Available records START

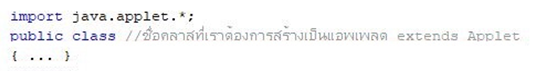 สิ่งสำคัญอีกประการหนึ่ง คือ เราจะต้องกำหนด modifier ของคลาสที่เราสร้างเป็นแอพเพลตให้เป็น Public เสมอด้วย ไม่เช่นนั้นเว็บบราวเซอร์จะไม่สามารถสร้างแอพเพลตให้ทำงานได้
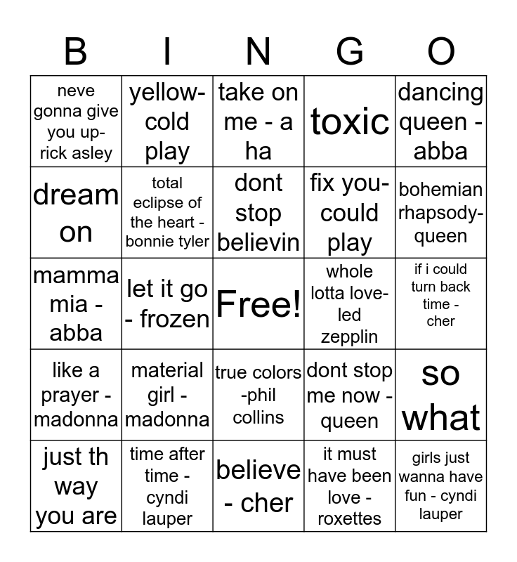 This bingo card has a free space and 30 words: time after time - cyndi lauper, down under - men at work, let it go - frozen, this love- maroon 5, neve gonna give you up- rick asley, take on me - a ha, total eclipse of the heart - bonnie tyler, true colors -phil collins, whole lotta love- led zepplin, believe - cher, if i could turn back time - cher, girls just wanna have fun - cyndi lauper, it must have been love -roxettes, hungery like a wolf - duran duran, bohemian rhapsody-queen, go your own way-fleetwood mac, dont stop me now - queen, like a prayer - madonna, material girl - madonna, dancing queen -abba, mamma mia - abba, i should be so lucky- kylie minoque, yellow-cold play, fix you- could play, dream on, toxic, so what, just th way you are, dont stop believin and just the wat you are - druno mars.
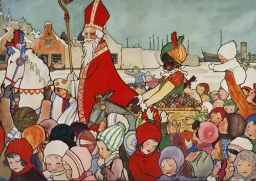 荷兰殖民者来到美洲时,将他们的Sintirklass主教也带了去,Sintirklass身着红袈裟,骑着一匹白马。Sintirklass的美国形象后来逐渐演变成一个快乐的老精灵。起初美国作家华盛顿.欧文在他的喜剧《纽约的历史》中将他描述成一个又圆又胖的荷兰老人。1823年,诗人Clement Moore在他的诗歌《St.Nicholas印象》中继续将Sintirklass/Saint Nicholas的形象戏剧化。
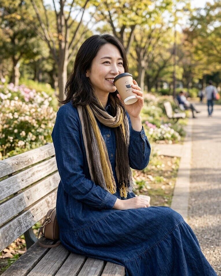 落ち着いたくすんだ色の組み合わせなので、派手すぎずコーディネートをまとめてくれます。
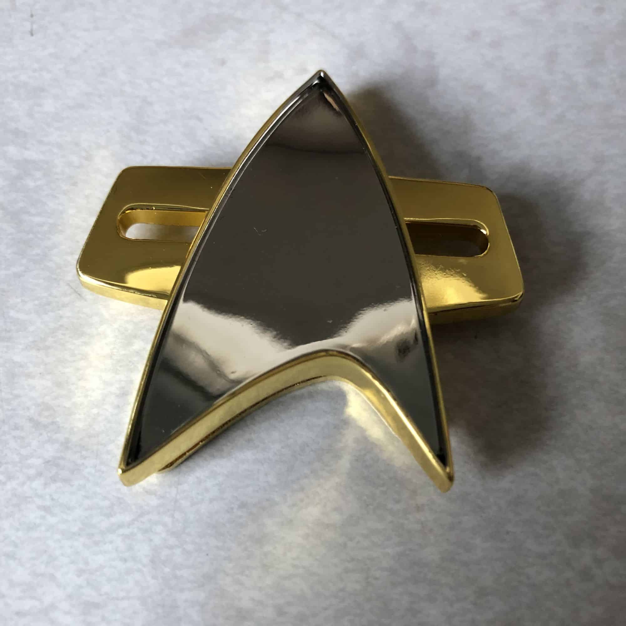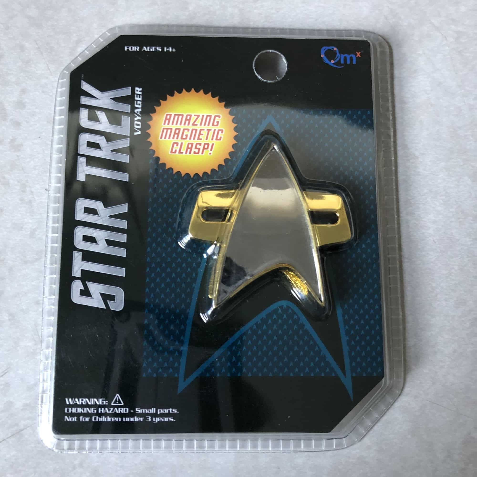 Moving to the badge in this one, we have the final look of the badges used in both Voyager and DS9 with the bars behind the Starfleet insignia. Like previous Qm badges in other boxes, this is a magnetized one where you put the back behind the clothing and then a pretty strong magnet keeps the front attached to you. The only issue I have with this badge is that it's slightly smaller than the traditional version, which I actually have a replica of for cosplay and fan purposes. It's a couple centimeters, but its a noticeable difference, especially to hardcore fans. Beyond that, I love it.
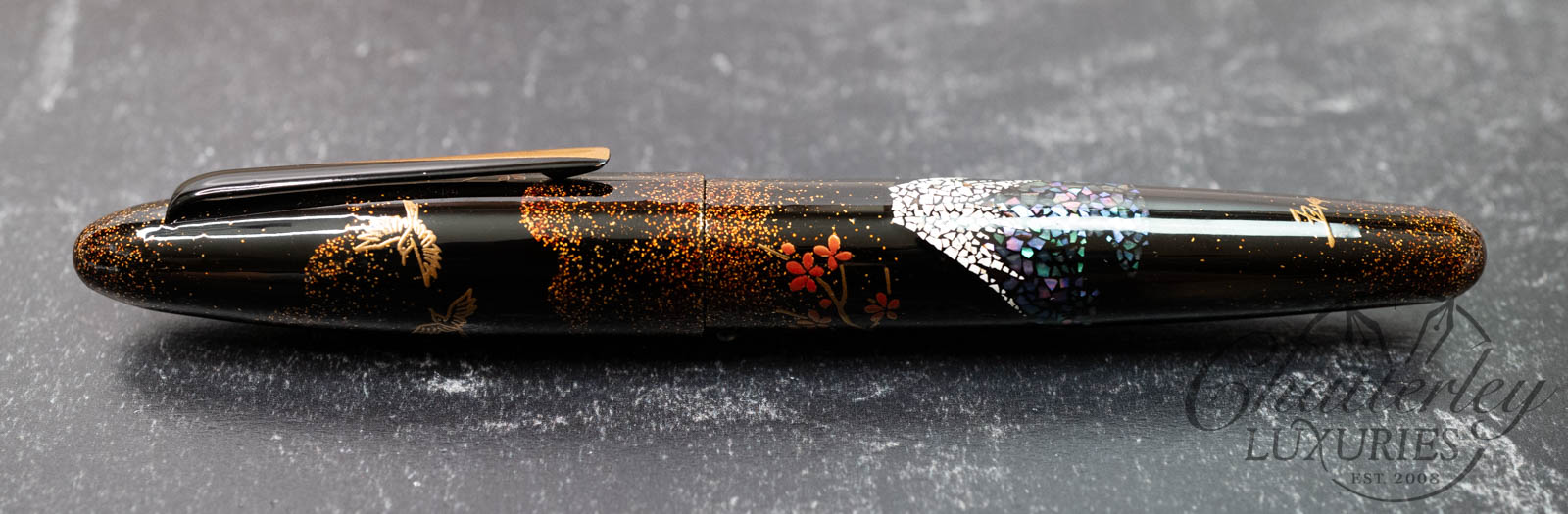 The Fujiyama honors Japan’s most enduring symbol—Mount Fuji—through a remarkable fusion of urushi, raden, and rankaku artistry. Each pen is crafted by hand in Taccia’s Wajima Urushi Studio, where fragments of quail eggshell and abalone shell are meticulously inlaid beneath layers of deep lacquer. The result is a serene landscape rendered in texture and light.

Available records END

Reproduce the lines from the line containing "Moving to the" through the end of the records above, exactly and inclusively, omitting pictures.

 Moving to the badge in this one, we have the final look of the badges used in both Voyager and DS9 with the bars behind the Starfleet insignia. Like previous Qm badges in other boxes, this is a magnetized one where you put the back behind the clothing and then a pretty strong magnet keeps the front attached to you. The only issue I have with this badge is that it's slightly smaller than the traditional version, which I actually have a replica of for cosplay and fan purposes. It's a couple centimeters, but its a noticeable difference, especially to hardcore fans. Beyond that, I love it.
 The Fujiyama honors Japan’s most enduring symbol—Mount Fuji—through a remarkable fusion of urushi, raden, and rankaku artistry. Each pen is crafted by hand in Taccia’s Wajima Urushi Studio, where fragments of quail eggshell and abalone shell are meticulously inlaid beneath layers of deep lacquer. The result is a serene landscape rendered in texture and light.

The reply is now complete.